Despite being one of the top contributors to disabilities among children, there is a significant lack of epidemiological data on pediatric stroke in Indonesia. Stroke was identified as the second leading cause of death and the third leading cause of disability globally [1]. In Indonesia, stroke is the leading cause of death. According to the 2018 Indonesian Basic Health Research (Riskesdas) report, stroke in Indonesia increased from 7 per 1,000 people in 2013 to 10.9 per 1,000 in 2018. Financially, stroke is one of the most costly catastrophic diseases, with expenditures reaching 3.23 trillion rupiah ($218.92 million) in 2022, making it the third highest after heart disease and cancer. This represents a significant increase from 2021, when the spending was 1.91 trillion rupiah ($134.51 million) [2]. Indonesia has one of the highest rates of stroke burden and mortality rates among other Southeast Asian (SEA) countries [3].

Pediatric stroke is distinct from adult stroke as it is not predominantly influenced by typical adult risk factors such as hypertension and smoking [3,4]. Pediatric stroke results in substantial morbidity and mortality. Approximately 10%–25% of children who suffer a stroke will die, up to 25% will experience a recurrence, and up to 66% will have lasting neurological deficits or develop subsequent seizure disorders, learning difficulties, cerebral palsy [5], or developmental issues. The early onset of these impairments along with their profound impact on the quality of life for both the child and family, substantially increases the economic and emotional burden on society [6]. Therefore, early detection and management are crucial in mitigating the impacts of pediatric stroke.

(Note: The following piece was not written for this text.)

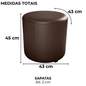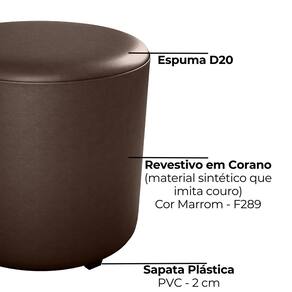 Puff Redondo Copenhage, muito conforto e estilo compacto! Estrutura em Madeira de Eucalipto (de reflorestamento) e MDF, estofado com espuma D20 e revestido em Corano (material sintético que imita couro). O design redondo é valorizado pelo detalhe de costura vertical nas laterais, além das sapatas plásticas (PVC), suporta até 110 kg. Este produto será entregue em 01 volume.

Epidemiological data provides clinicians with an estimate of disease occurrence in their local area. This occurrence information is critical for predicting patient diagnoses, as it affects the accuracy and reliability of diagnostic tests, ultimately helping to confirm or rule out specific conditions [7]. Current data on stroke burden and risk factors is inadequate, underscoring the urgent need for high-quality data collection at both hospital and population levels, particularly in the SEA region [8]. Diagnosing childhood stroke based solely on clinical criteria is especially challenging compared to adults. Among children presenting with sudden onset of focal deficits, nonstroke conditions are identified in 21%–90% of cases, including migraine (28%), seizures (15%), Bell's palsy (10%), and conversion disorders (6%) [9]. Therefore, imaging confirmation is essential for diagnosing pediatric stroke, unlike adult stroke where the clinical diagnosis (not pathological diagnosis of stroke types) often follows the World Health Organization criteria. Additionally, using International Classification of Diseases (ICD) codes for identifying pediatric stroke is less reliable compared to their use in adult stroke cases [10]. A national study in the United States also discovered that research relying solely on ICD codes may underestimate the rates of childhood ischemic stroke, particularly among neonates [11].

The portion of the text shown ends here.